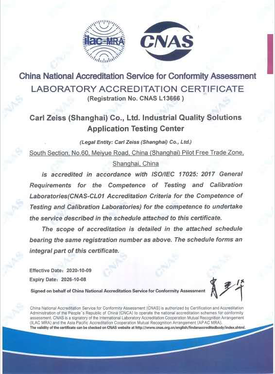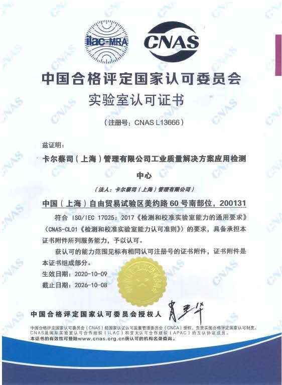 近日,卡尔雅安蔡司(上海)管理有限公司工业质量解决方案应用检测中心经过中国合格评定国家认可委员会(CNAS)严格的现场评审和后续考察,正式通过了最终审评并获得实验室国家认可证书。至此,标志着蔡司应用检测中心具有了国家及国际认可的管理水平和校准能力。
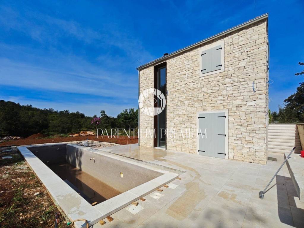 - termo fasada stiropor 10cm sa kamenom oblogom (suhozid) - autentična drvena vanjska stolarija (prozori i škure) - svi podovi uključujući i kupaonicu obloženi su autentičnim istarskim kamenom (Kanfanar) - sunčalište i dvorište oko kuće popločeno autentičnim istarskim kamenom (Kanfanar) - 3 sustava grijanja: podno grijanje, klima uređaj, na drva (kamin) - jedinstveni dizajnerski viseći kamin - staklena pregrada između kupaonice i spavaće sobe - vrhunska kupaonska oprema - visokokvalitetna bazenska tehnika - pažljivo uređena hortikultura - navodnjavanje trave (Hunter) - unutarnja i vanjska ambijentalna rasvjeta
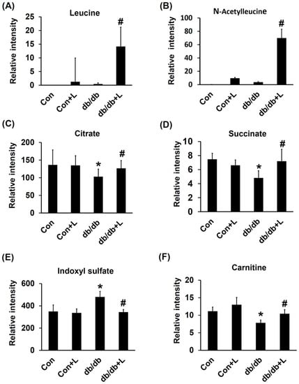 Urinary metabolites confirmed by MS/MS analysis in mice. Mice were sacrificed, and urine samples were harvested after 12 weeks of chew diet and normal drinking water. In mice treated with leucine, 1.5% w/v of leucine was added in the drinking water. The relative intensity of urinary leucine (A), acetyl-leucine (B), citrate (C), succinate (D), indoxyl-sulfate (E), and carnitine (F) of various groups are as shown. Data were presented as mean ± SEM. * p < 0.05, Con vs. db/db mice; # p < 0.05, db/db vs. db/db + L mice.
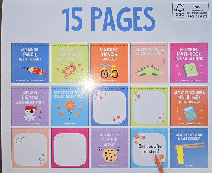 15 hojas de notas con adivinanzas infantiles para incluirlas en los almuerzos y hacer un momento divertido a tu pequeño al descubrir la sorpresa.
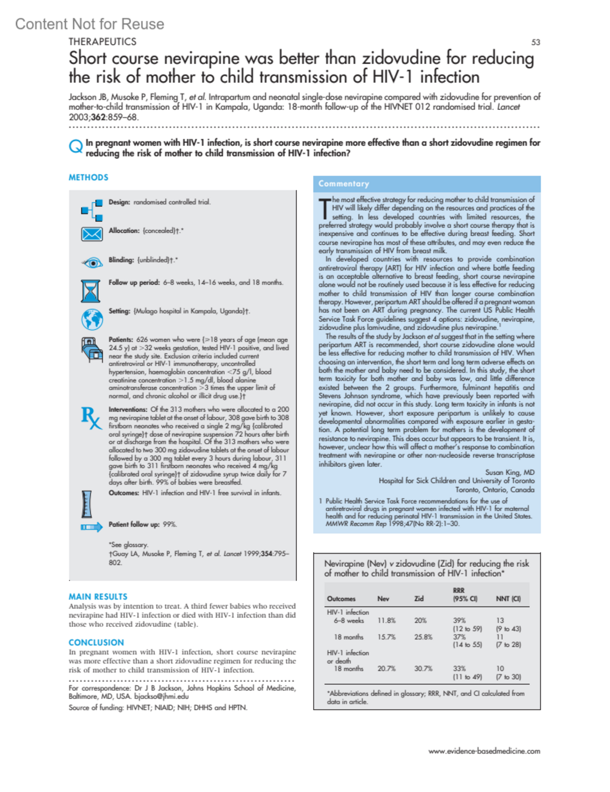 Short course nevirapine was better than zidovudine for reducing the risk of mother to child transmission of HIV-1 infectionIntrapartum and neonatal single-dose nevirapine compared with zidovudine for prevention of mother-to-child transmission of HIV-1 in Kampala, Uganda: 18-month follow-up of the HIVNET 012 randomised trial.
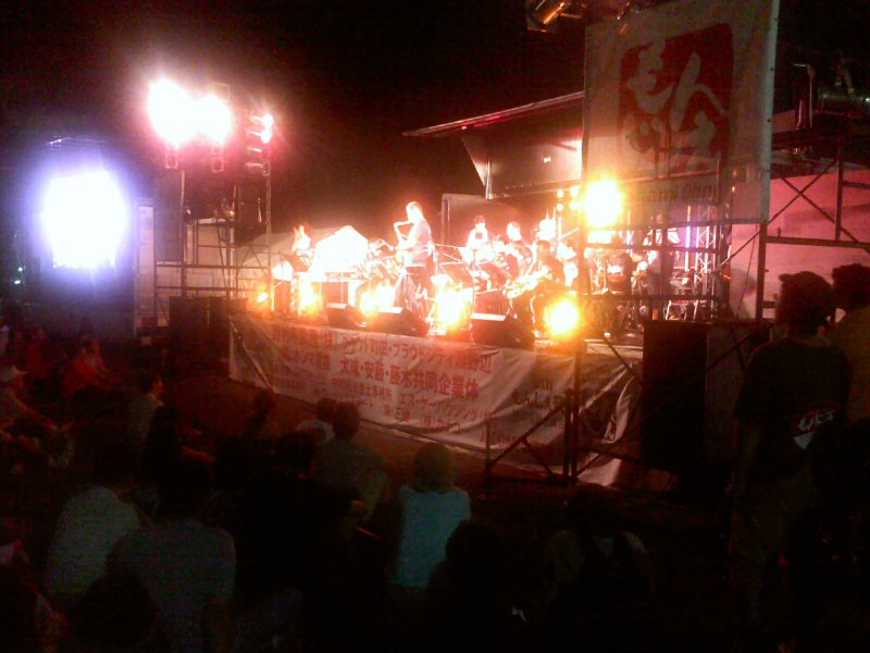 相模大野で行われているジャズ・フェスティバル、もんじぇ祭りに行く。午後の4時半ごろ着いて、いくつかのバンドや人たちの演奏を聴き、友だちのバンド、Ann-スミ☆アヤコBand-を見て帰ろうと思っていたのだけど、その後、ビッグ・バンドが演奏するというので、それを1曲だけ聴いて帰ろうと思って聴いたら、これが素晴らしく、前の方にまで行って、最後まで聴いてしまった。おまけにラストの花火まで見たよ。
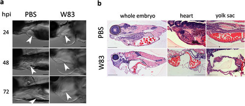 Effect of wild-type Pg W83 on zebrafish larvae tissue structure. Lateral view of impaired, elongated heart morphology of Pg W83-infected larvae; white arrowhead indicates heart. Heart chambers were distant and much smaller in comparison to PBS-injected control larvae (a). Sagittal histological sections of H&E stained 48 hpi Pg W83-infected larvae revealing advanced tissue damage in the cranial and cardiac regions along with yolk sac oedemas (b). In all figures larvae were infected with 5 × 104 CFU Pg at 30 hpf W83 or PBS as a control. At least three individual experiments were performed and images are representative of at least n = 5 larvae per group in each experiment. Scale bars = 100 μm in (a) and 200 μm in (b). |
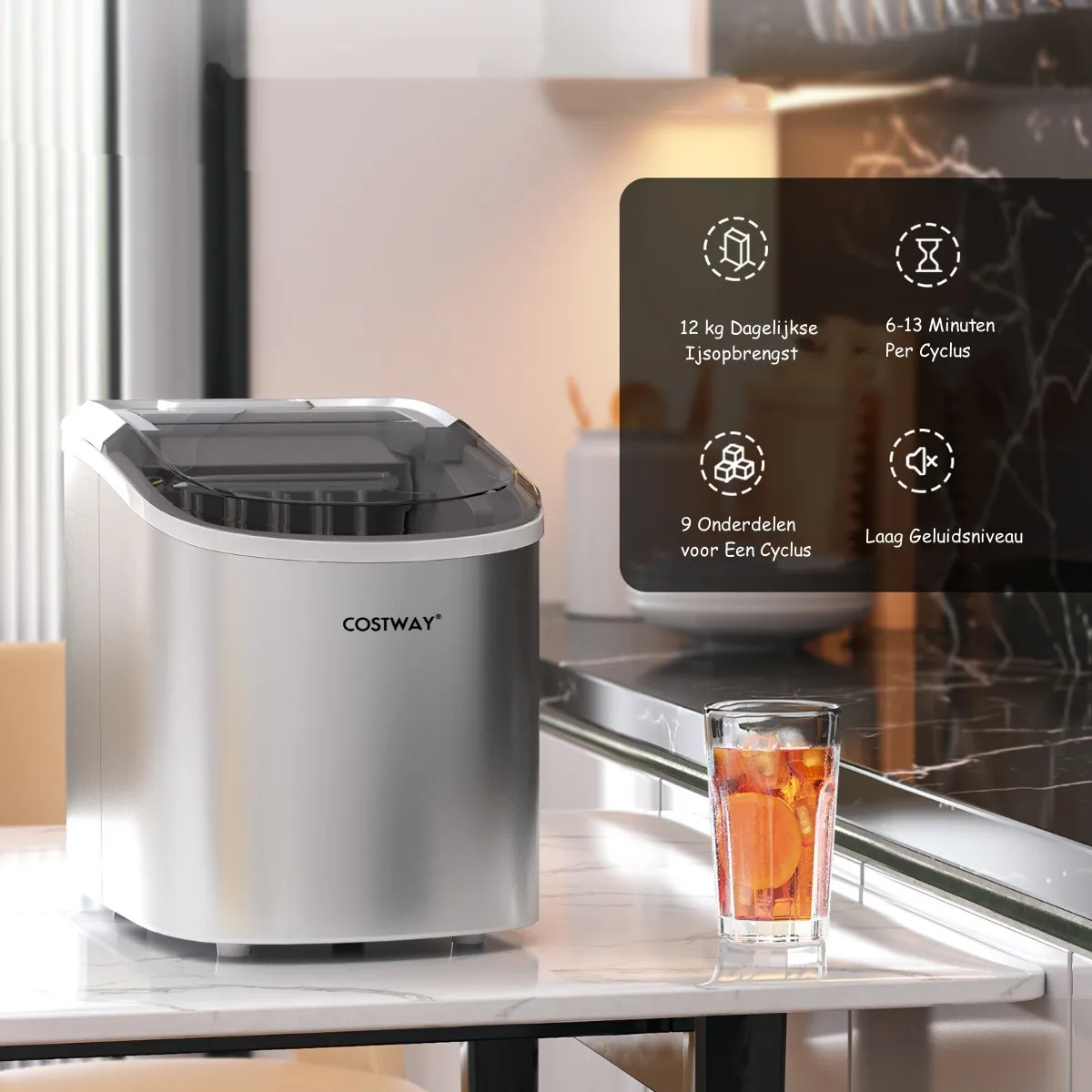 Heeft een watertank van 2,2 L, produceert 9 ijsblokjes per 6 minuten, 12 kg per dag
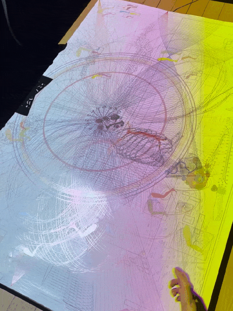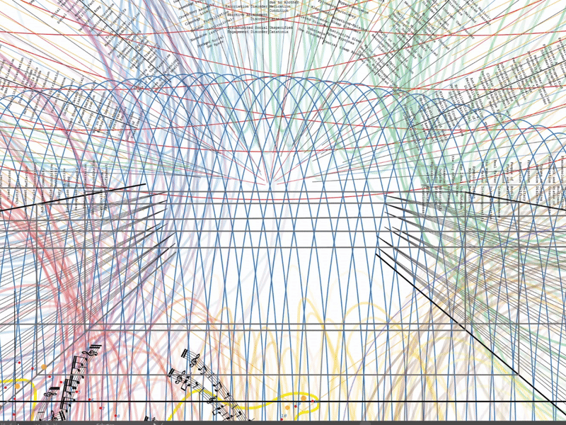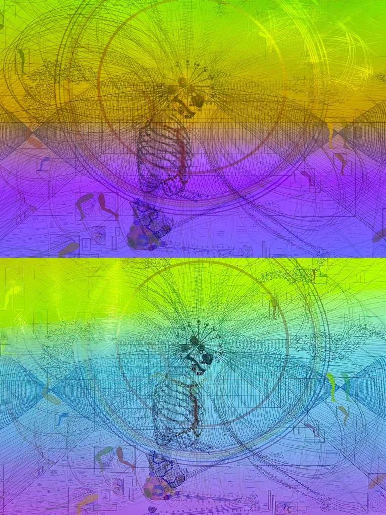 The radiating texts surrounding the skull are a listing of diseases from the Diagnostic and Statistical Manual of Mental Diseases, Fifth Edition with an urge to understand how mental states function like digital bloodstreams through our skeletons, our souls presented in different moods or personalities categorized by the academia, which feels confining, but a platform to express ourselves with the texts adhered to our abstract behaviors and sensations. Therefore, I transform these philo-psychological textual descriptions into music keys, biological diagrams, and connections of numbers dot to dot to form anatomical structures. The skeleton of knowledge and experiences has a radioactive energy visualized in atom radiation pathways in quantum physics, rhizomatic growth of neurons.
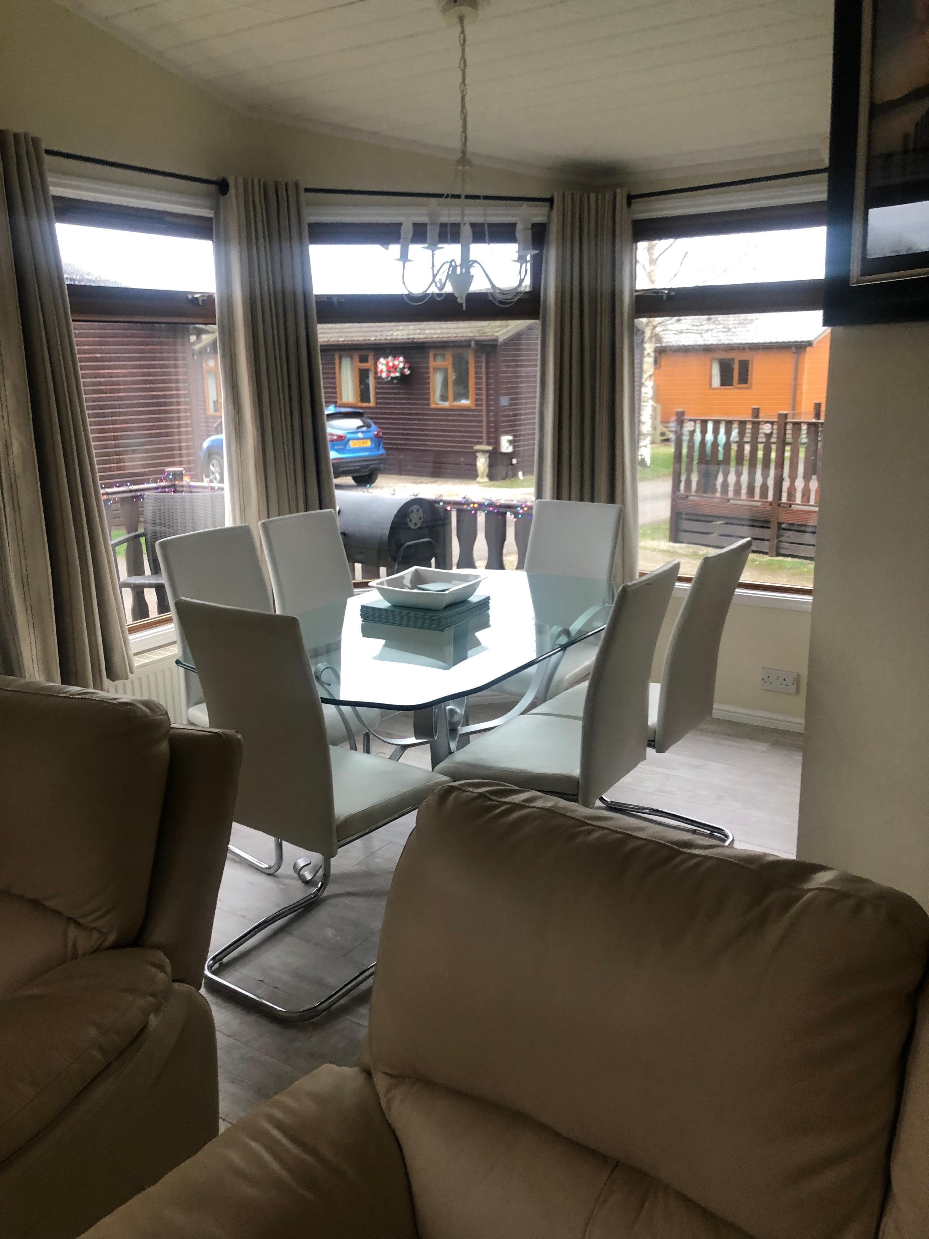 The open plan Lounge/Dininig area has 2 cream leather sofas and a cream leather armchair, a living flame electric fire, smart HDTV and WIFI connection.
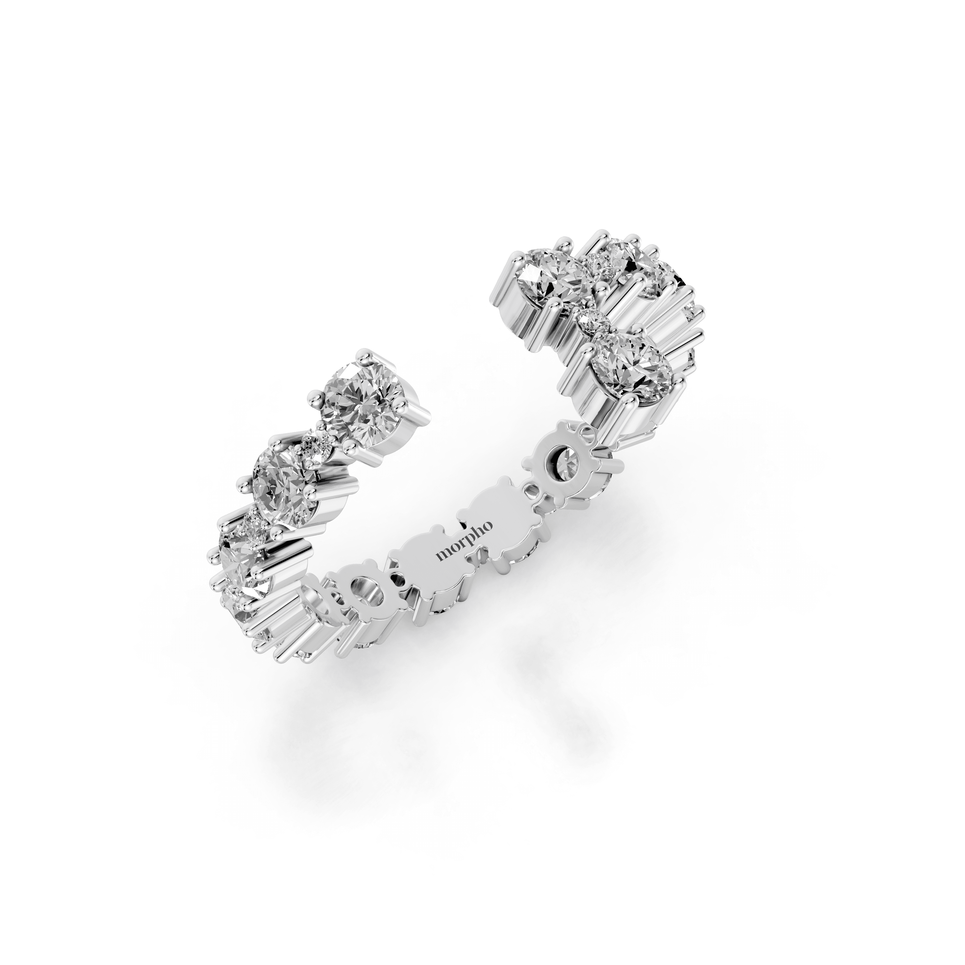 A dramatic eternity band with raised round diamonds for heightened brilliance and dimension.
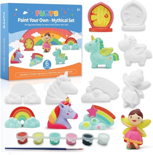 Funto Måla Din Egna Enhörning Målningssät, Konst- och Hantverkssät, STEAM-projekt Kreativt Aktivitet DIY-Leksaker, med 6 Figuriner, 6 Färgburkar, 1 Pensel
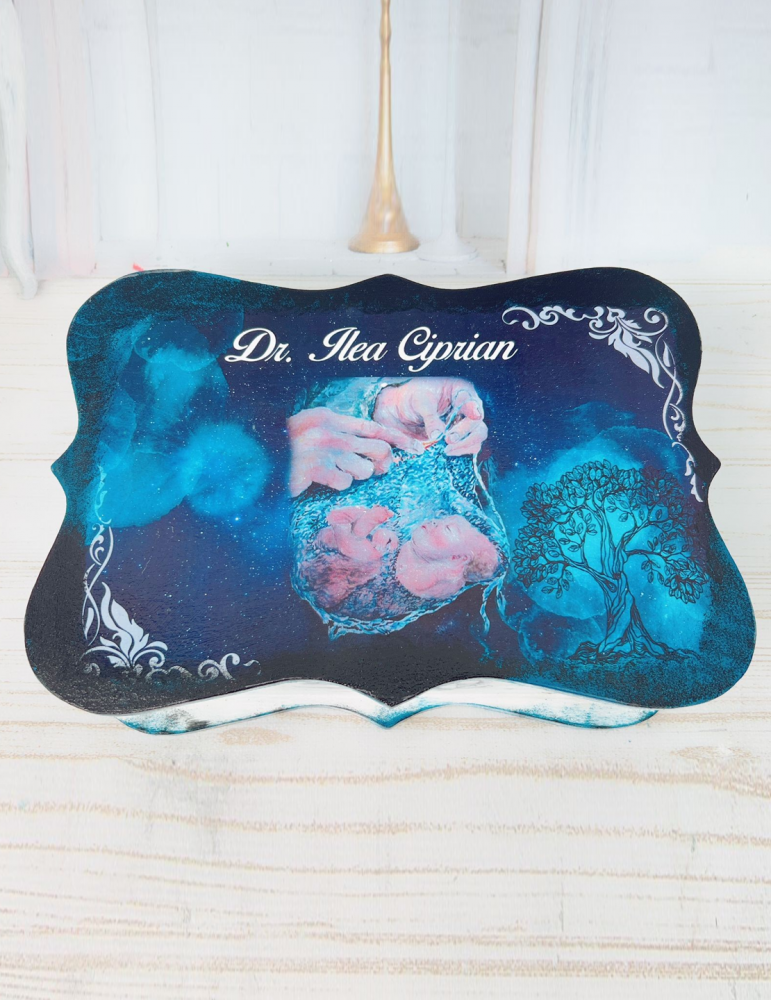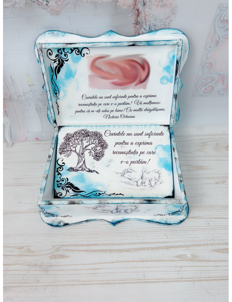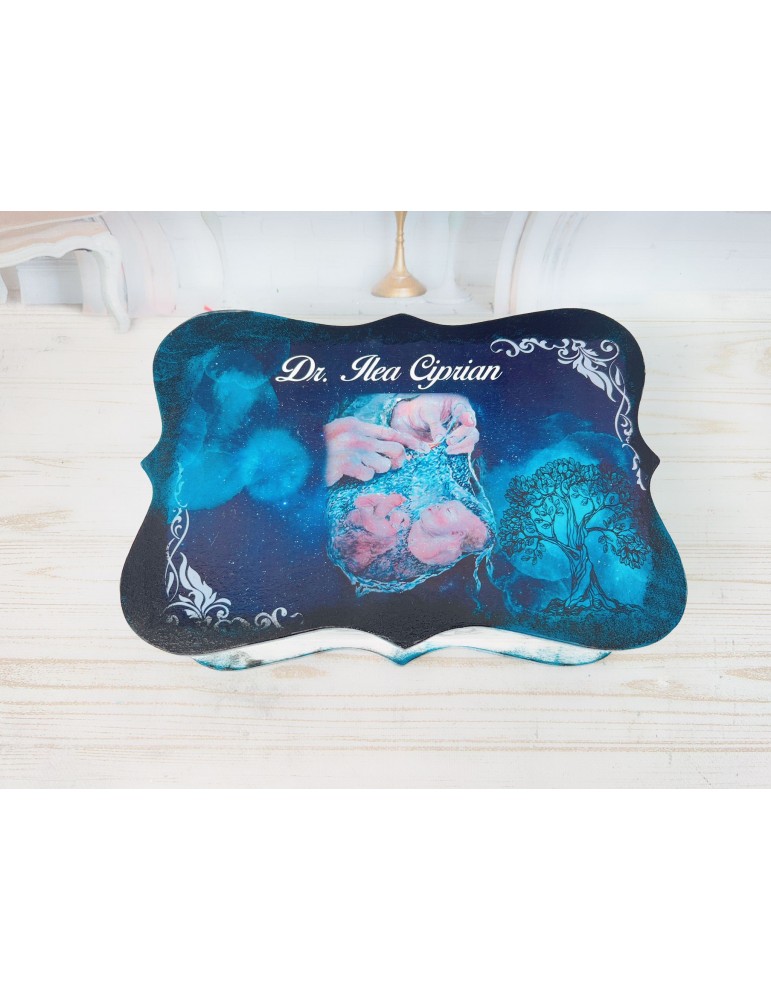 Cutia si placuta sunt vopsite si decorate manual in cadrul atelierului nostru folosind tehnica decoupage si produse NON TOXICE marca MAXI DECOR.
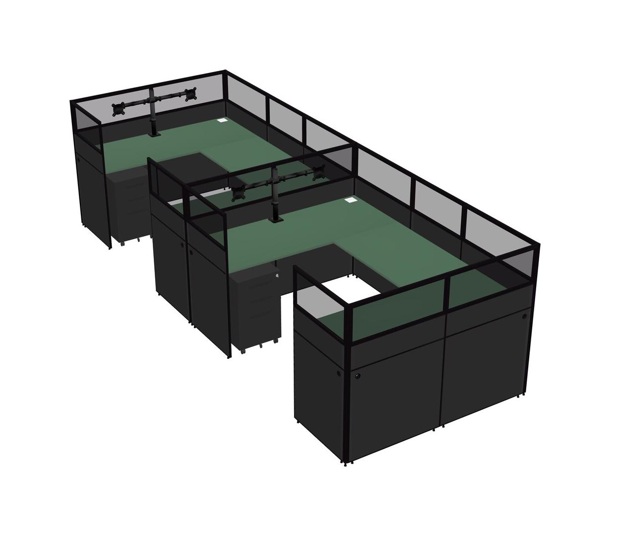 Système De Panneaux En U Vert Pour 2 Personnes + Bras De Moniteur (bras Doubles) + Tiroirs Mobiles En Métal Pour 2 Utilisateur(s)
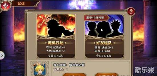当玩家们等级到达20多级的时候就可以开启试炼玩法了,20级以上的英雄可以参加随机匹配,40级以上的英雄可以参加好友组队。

*-*-*

For this answer, return word for word the lines from the first line of the records through the line containing "- termo fasada". Omit the pictures.

**Expected answer**
 近日,卡尔雅安蔡司(上海)管理有限公司工业质量解决方案应用检测中心经过中国合格评定国家认可委员会(CNAS)严格的现场评审和后续考察,正式通过了最终审评并获得实验室国家认可证书。至此,标志着蔡司应用检测中心具有了国家及国际认可的管理水平和校准能力。
 - termo fasada stiropor 10cm sa kamenom oblogom (suhozid) - autentična drvena vanjska stolarija (prozori i škure) - svi podovi uključujući i kupaonicu obloženi su autentičnim istarskim kamenom (Kanfanar) - sunčalište i dvorište oko kuće popločeno autentičnim istarskim kamenom (Kanfanar) - 3 sustava grijanja: podno grijanje, klima uređaj, na drva (kamin) - jedinstveni dizajnerski viseći kamin - staklena pregrada između kupaonice i spavaće sobe - vrhunska kupaonska oprema - visokokvalitetna bazenska tehnika - pažljivo uređena hortikultura - navodnjavanje trave (Hunter) - unutarnja i vanjska ambijentalna rasvjeta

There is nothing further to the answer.